PROBLEM DESCRIPTION
Print every line below exactly as written, but leave the pictures behind.

--- GIVEN DATA ---

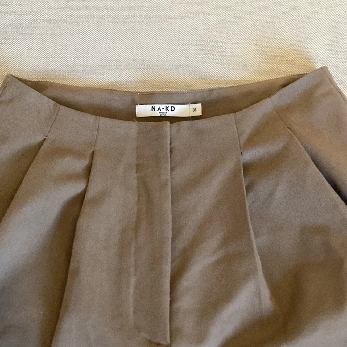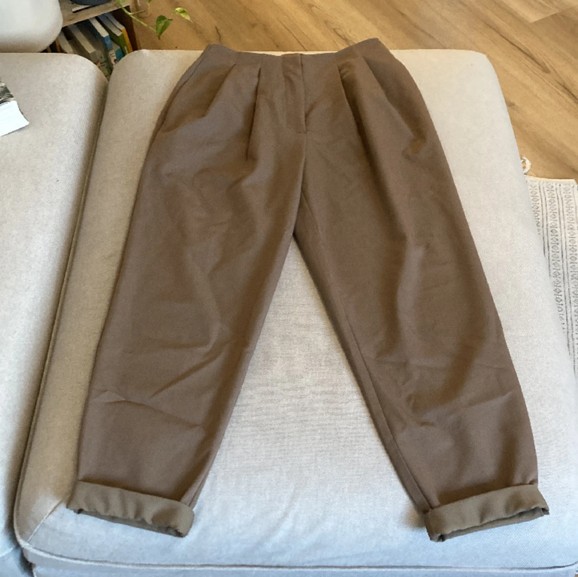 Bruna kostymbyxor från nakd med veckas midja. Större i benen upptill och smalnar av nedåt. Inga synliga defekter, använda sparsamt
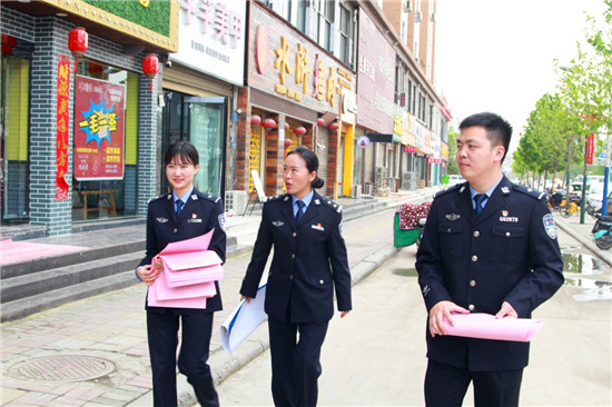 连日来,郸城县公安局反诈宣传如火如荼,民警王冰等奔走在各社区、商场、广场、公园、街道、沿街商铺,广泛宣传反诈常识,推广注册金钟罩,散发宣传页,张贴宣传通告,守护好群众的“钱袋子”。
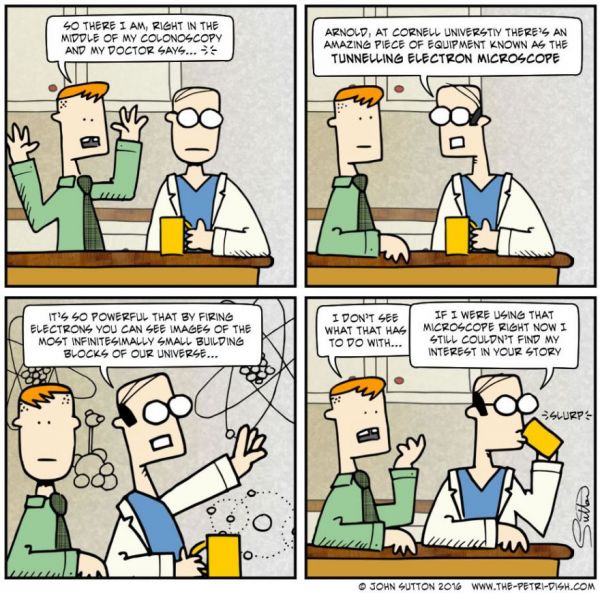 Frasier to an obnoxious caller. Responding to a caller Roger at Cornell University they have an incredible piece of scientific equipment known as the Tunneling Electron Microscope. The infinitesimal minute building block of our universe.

---

EXERCISE SOLUTION
 Bruna kostymbyxor från nakd med veckas midja. Större i benen upptill och smalnar av nedåt. Inga synliga defekter, använda sparsamt
 连日来,郸城县公安局反诈宣传如火如荼,民警王冰等奔走在各社区、商场、广场、公园、街道、沿街商铺,广泛宣传反诈常识,推广注册金钟罩,散发宣传页,张贴宣传通告,守护好群众的“钱袋子”。
 Frasier to an obnoxious caller. Responding to a caller Roger at Cornell University they have an incredible piece of scientific equipment known as the Tunneling Electron Microscope. The infinitesimal minute building block of our universe.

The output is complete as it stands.